The Doha International Disability and Development Conference (DICDD) was inaugurated by Her Highness Sheikha Moza bint Nasser, Founder of Qatar Foundation for Social Work (QFSW) and a global advocate for the UN’s Sustainable Development Goals (SDGs), at the Qatar National Convention Centre yesterday.
The two-day conference, being held under the theme of ‘Leaving no one behind’, has been organised by QFSW in collaboration with local and international partners.
The opening ceremony was attended by Amina J Mohamed, Deputy Secretary-General of the United Nations, HE Sheikha Hind bint Hamad al-Thani, Vice-Chairperson and CEO of Qatar Foundation, Xavier Torres, adviser of the Presidential Government of Ecuador, ministers, a large number of dignitaries and other VIP guests.
More than 1,500 experts, specialists and policy makers from Qatar and around the world are taking part in the conference.
“We must collaborate globally to devise mechanisms to stop the waste in resources caused by the lack of investment and empowerment for people with disabilities and enable them to play active roles in the development of society. We can achieve this through meaningful employment of this large number that has been marginalised for the sake of disability, especially those talented among them,” Sheikha Moza said at the opening ceremony.
Speaking about the need to empower people with disabilities, Mohamed pointed out that stigma faced by persons with disabilities abounds, compounded by a lack of understanding of their rights, and of the value of their contributions to society.

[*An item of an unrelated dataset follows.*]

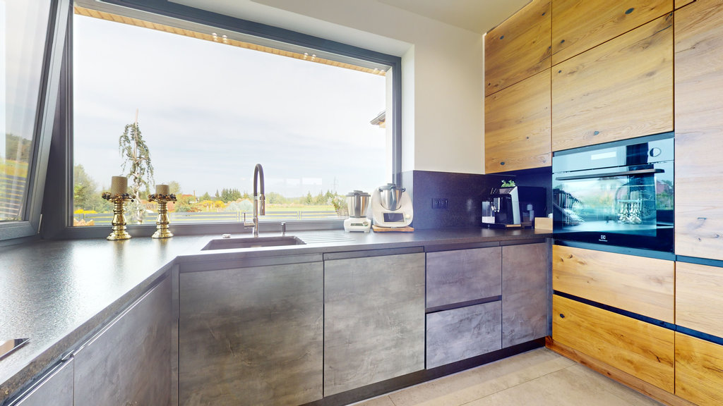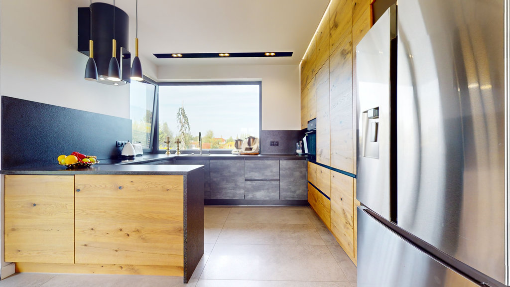 Kuchnia na wymiar, zabudowa z wysokiej jakości forniru, blaty wykończone granitem. Z kuchni przejście do dużej, wygodnej spiżarni.

“This situation is untenable. It goes against collective commitment to human dignity, our obligations under international law and the strong business case for disability inclusion. It is up to us – leaders from the government, business, civil society, organisations of persons with disabilities, international organisations and others – to turn this situation around,” she noted.
Amal bin Abdullatif al-Mannai, CEO of QFSW, highlighted the role played by Qatar in supporting people with disabilities.

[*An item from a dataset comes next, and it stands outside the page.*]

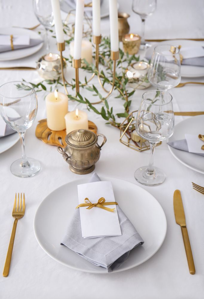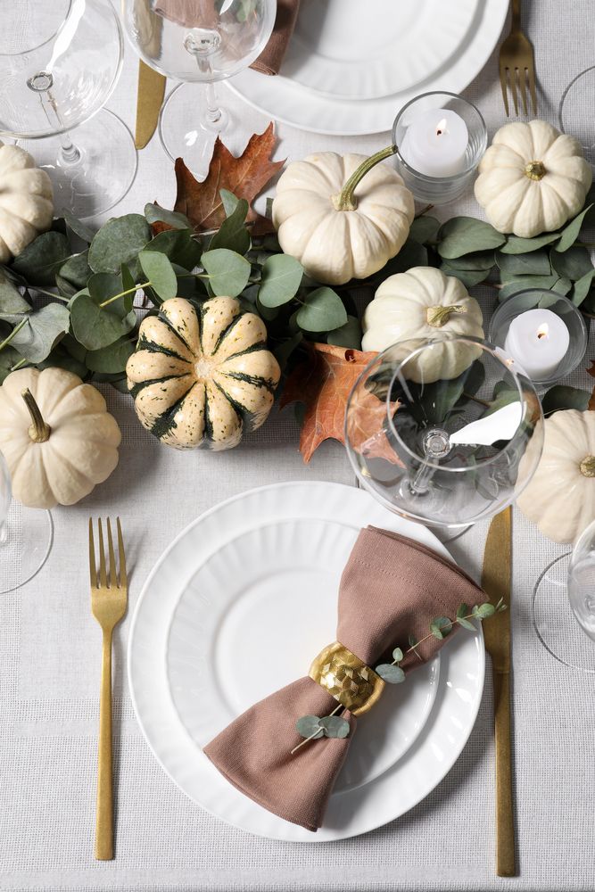 A gold and white theme adds a touch of chic to your Thanksgiving table. Use gold accents like cutlery and exquisite candle holders to create a warm glow, while white dishes keep it clean and fresh.

“Qatar has long advocated for the rights of people with disabilities around the world. In 2006, for example, Qatar supported the UN’s Convention on the Rights of Persons with Disabilities, before signing it in 2008. Qatar has also invested heavily in the knowledge and resources to monitor and evaluate progress towards the SDGs for persons with disabilities. Working closely with the United Nations, we have also adopted the objectives of the 2030 Agenda for Sustainable Development to support persons with disabilities in Qatar and globally,” she explained.
The first day of the conference saw several sessions discussing inclusive equality, education and employment.

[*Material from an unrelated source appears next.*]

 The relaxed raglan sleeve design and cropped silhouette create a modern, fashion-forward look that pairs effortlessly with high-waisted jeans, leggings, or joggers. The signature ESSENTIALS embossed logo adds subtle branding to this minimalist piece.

DICDD featured several guest speakers from Qatar and abroad on Day 1, who shared their personal stories of living with disabilities. The guest speakers were Kholoud Abu Sharida, Muniba Mezari and Edward Ndopu.
Sharida, a Qatari, recounted her success story in education, and how she overcame all obstacles despite losing her vision from birth. She was able to obtain a masters degree and a job and is currently applying for PhD.
Ndopo, who was given until the age of five to live, narrated how he defied reality and became one of the most influential young people in the world and one of the United Nations ambassadors for sustainable development goals.
Mazari recollected how she overcame from a fatal accident and now a painter, singer, human rights activist and one of the most inspiring speakers in the world.
The Masters of Ceremony, Faisal al-Kohaji and Mohamed al-Faheda, are also persons with disabilities.
There is an accompanying exhibition, showcasing local initiatives, projects and assistive-technologies that are empowering people with disabilities.